Public Release: 

Researchers Find Differences In Down Syndrome Rates Between Whites And Hispanics

University of Cincinnati

Researchers at the University of Cincinnati have found significant differences in the prevalence of Down syndrome between Hispanic and non-Hispanic whites as well as distinct racial differences in the use of prenatal genetic testing to diagnose Down syndrome.

Their findings are published in the Jan. 15 issue of the American Journal of Epidemiology and are based on an analysis of data collected by the California Birth Defects Monitoring Program and the Genetic Disease Branch of the California Department of Health Services.

"There are very few databases in the country that attempt to collect 100 percent of the data on birth defects. California, which is the population I chose, actively ascertains that data," said UC doctoral student Jennifer Bishop, explaining why the analysis should provide a very accurate assessment of the true prevalence of Down syndrome in the population.

With the assistance of UC biology professor Carl Huether, UC mathematics professor James Deddens and California researchers Claudine Torfs and Fred Lorey, Bishop analyzed data from 1989 through 1991. The data included both information on live births and prenatal diagnoses of Down syndrome.

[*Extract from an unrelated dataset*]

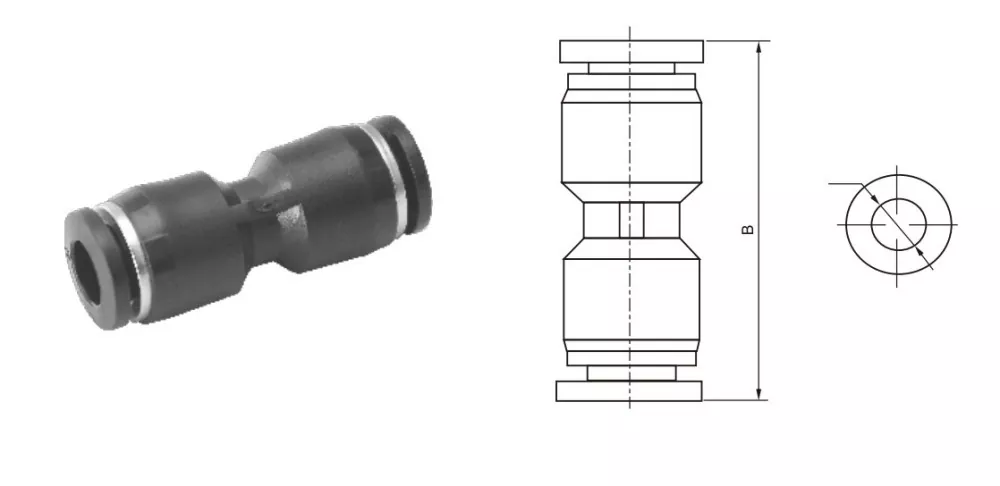 PU łączy ten sam wąż powietrzny po obu stronach, PG łączy wąż powietrzny z różnymi średnicami po obu stronach

That's important, because many Down syndrome fetuses are spontaneously or electively aborted and would be missed by researchers looking only at live births.

"We really wanted to get as close a measurement as possible of the true prevalence in the population, because prenatal counselors often use these rates when they're trying to predict the outcome for older mothers," said Bishop.

Overall, Bishop found that the total prevalence of Down syndrome was slightly higher than figures previously reported in the literature. Apparently, that figure reflects the gradually increasing age of the American population.

The biggest surprise came when Bishop looked for differences among ethnic groups and races. "There seems to be a different type of pattern in Hispanic population," said Bishop. "The prevalence among younger mothers was higher in the Hispanic than in the other races and lower in the older maternal ages."

This does not mean that young Hispanic mothers have a greater risk than older Hispanic mothers. It simply means that when the researchers compared younger Hispanic mothers with younger white mothers, prevalence rates were higher for the Hispanic mothers.

Bishop looked at five-year age brackets, and for all age groups under 40, the risk of Down syndrome was significantly higher for Hispanics than for whites. For mothers over 40, the prevalence rates were significantly lower for Hispanics than for whites. However, the researchers still cannot explain why the difference occurred.

"What we found doesn't necessarily indicate a genetic difference," said Bishop. "It could be a socio-economic difference, a nutritional difference or an ascertainment difference. Did we really have all the cases?"

The other clear racial difference showed up when the researchers compared the prevalence of Down syndrome among live births and the adjusted prevalence of Down syndrome which included aborted fetuses. Whites showed a 46 percent decrease in Down syndrome births due to prenatal diagnosis compared with only a 10 percent reduction among Hispanics.

The researchers say the difference probably reflects several factors, including the availability of prenatal diagnostic services, the cost of those services, and differing personal beliefs on elective abortions.

Huether has found similar differences in previous studies comparing blacks and whites and mothers from different geographic regions.